Scant support for tweaking bailout deal

Eurogroup chairman Dijsselbloem and Cyprus Finance Minister Georgiades

By Elias Hazou

CYPRUS found scant support yesterday for any changes to its bailout programme, with eurozone finance ministers and officials dismissing the idea.

“Determined implementation of the programme is indispensable,” Jeroen Dijsselbloem, who chairs the Eurogroup meetings, told a news conference after the Eurogroup meeting, when went on until after midnight.

President Nicos Anastasiades had written to European Union leaders requesting modifications to the terms of the bailout. “It is my humble submission that the bail-in was implemented without careful preparation,” the President said in the letter.

The letter was discussed at last night’s Eurogroup meeting but the comments made ahead of the finance minister’s talks to set bank bailout rules for the bloc, indicated early on that little support would be forthcoming from Cyprus’ EU partners.

Going into last night’s meeting, European Economic and Financial Affairs Commissioner Olli Rehn said the bailout programme had only recently been agreed and “we will work on the basis of that programme.”

Luxembourg Finance Minister Luc Frieden likewise said Cyprus could not expect changes to its bailout deal.

It is “very unlikely that the Cyprus compromise can be opened up or another solution introduced. It was the best solution for Cyprus in the circumstances,” he said.

The problems in Cyprus were caused not by the bailout programme, but by its troubled financial sector, Dijsselbloem said earlier as he ruled out any more money for the island.

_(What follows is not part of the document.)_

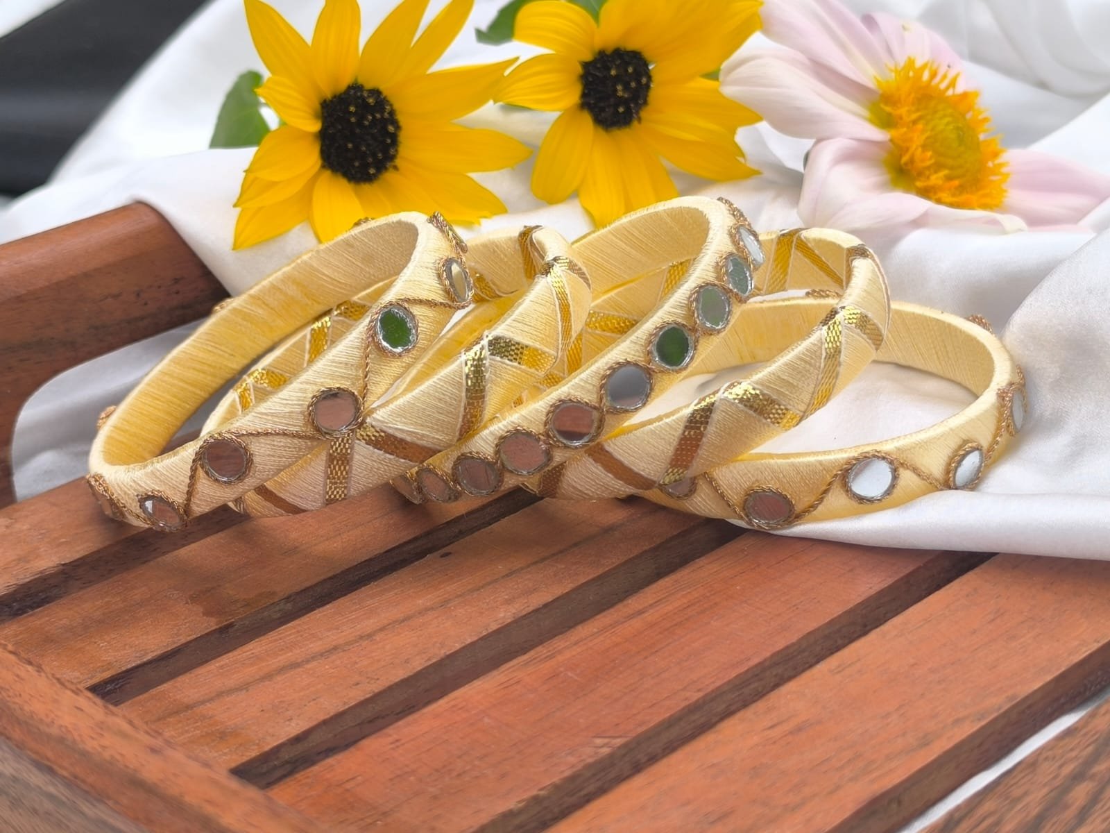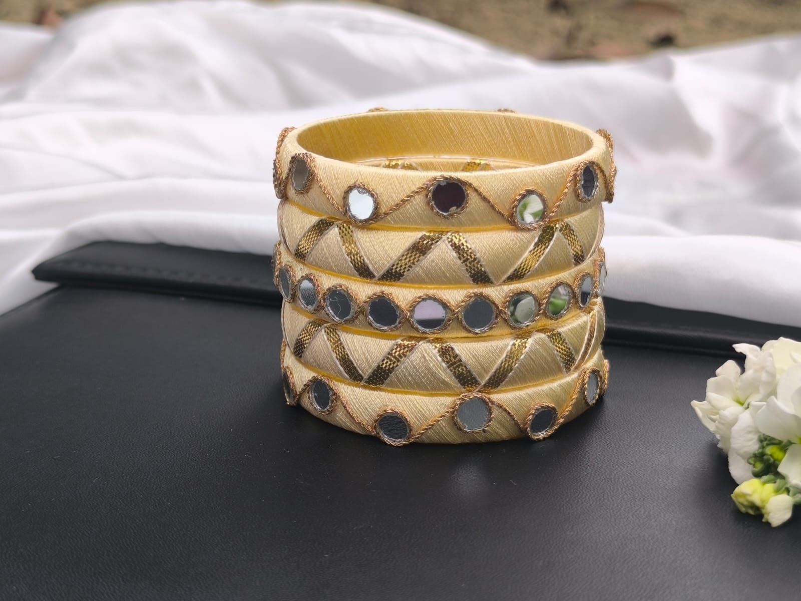 Gaurika Silk Thread Mirror & Gotta Bangle Set (5 Pieces)

“It wouldn’t be a good thing for Cyprus because loans should also be repaid. This was the reason why we said the loan shouldn’t be more than 10 billion euros,” Dijsselbloem said.

“I assume that there is great incomprehension among all the colleagues,” Austrian Finance Minister Maria Fekter said. “I cannot imagine there is an alternative proposal that is better than what we worked out arduously and consensually.”

Officials from the ‘troika’ of international lenders – ECB, IMF and European Commission – also rejected the idea of tweaking the rescue package.

“There is no viable alternative than now implementing 100 per cent the strategy outlined in the [Cypriot] memorandum of understanding,” European Central Bank executive board member Joerg Asmussen said.

The ECB official went on to urge Cyprus to make every effort to restore confidence in its financial system, in order to implement the strategy outlined in the memorandum of understanding.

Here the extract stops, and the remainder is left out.